The second main element of the Bill is that it confers very extensive powers on ministers to restate or replace retained EU legislation. The replacement power is almost unconfined: it allows ministers to replace EU rules with whatever they think is “appropriate”, subject only to a requirement that it be no more “burdensome” than what it replaces (which effectively precludes ministers from adding to or enhancing rights and protections found in EU law). None of that is subject to any requirement to consult anyone affected, and replacement rules are to be subject only to normal “affirmative procedure”: that is to say, a yes/no vote in both Houses, subject in this case to the implicit or explicit threat that if they vote “no” the relevant rules will vanish without being replaced.
The government’s defence of those elements of the Bill amounts to claims that it can be trusted not to allow popular rights and protections to fall (a defence that may not persuade everybody, and in any event does not grapple with the risk of “chipping away”) and that the UK Parliament had little role in making the law in the first place (an argument that, even if you accept its premise, does not obviously justify further legislation without Parliament having much or any say).

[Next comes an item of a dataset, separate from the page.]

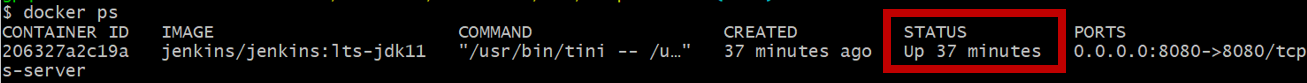 해당 명령어로 실행중인 컨테이너를 확인하는데 이 때, jenkins의 상태가 UP 이어야한다.

The third main element of the Bill is that it throws into uncertainty any retained EU law that survives this process (such as primary legislation and other legislation that ministers decide to hold onto). It does so by removing the ability to rely on general principles of EU law; by removing “supremacy of EU law” (which now means, in the UK context, no more than that retained EU law has a higher status than domestic legislation passed before 2021); and by nudging courts towards departing from CJEU case-law. No explanation has been given of what effects the government expects those changes to have, apart from creating uncertainty: indeed, there is no evidence that any analysis has been done of its effects. The government’s defence of these provisions has been, in essence, to accuse its critics of wanting to hold on to EU law because they cannot accept that the UK has left the EU.

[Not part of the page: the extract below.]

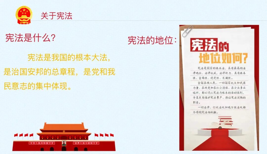 课堂伊始,徐艳飞律师以“法律职业共同体”为切入点,用通俗易懂的语言,介绍了警察、检察官、法官、律师的工作单位、核心职责与职业性质,让同学们对法治工作者的日常有了具象化认知。 随后,徐艳飞律师从“法”的由来引入宪法主题,层层递进地讲解了“宪法是什么”“宪法在法律体系中处于什么地位”“宪法如何保护我们的生活”等知识,以贴近校园生活的生动案例讲述抽象的法律概念。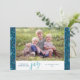 Este cartão de Natal com fotos planas apresenta um quadro fotográfico horizontal acentuado com o cartões de natal "Tidings of Comfort and Joy". O fundo é azul escuro com um padrão de férias de galhos de pinheiros, cones de pinheiros e pererecas de bagas. O texto personalizado, no verso, permite adicionar uma mensagem pessoal.

The Bill has attracted widespread criticism from environmental groups, trade unions, and others. In the Second Reading debate, some Conservative MPs expressed serious reservations about the legislation. It is likely to face a rough ride in the House of Lords, which has been increasingly critical of ministers taking wide powers to legislate. Moreover, the practicalities of reviewing at speed such vast quantities of largely technical (though sometimes very important) law have been worrying Whitehall, particularly given promised staffing reductions. Despite his promise during his campaign for the Conservative leadership in August to “shred” retained EU law, there have been rumours that the Sunak government may seek to revise the Bill or at least delay the sunset clause. Whether the Bill survives in the form in which it sprang from Jacob Rees-Mogg’s brain is therefore open to serious question.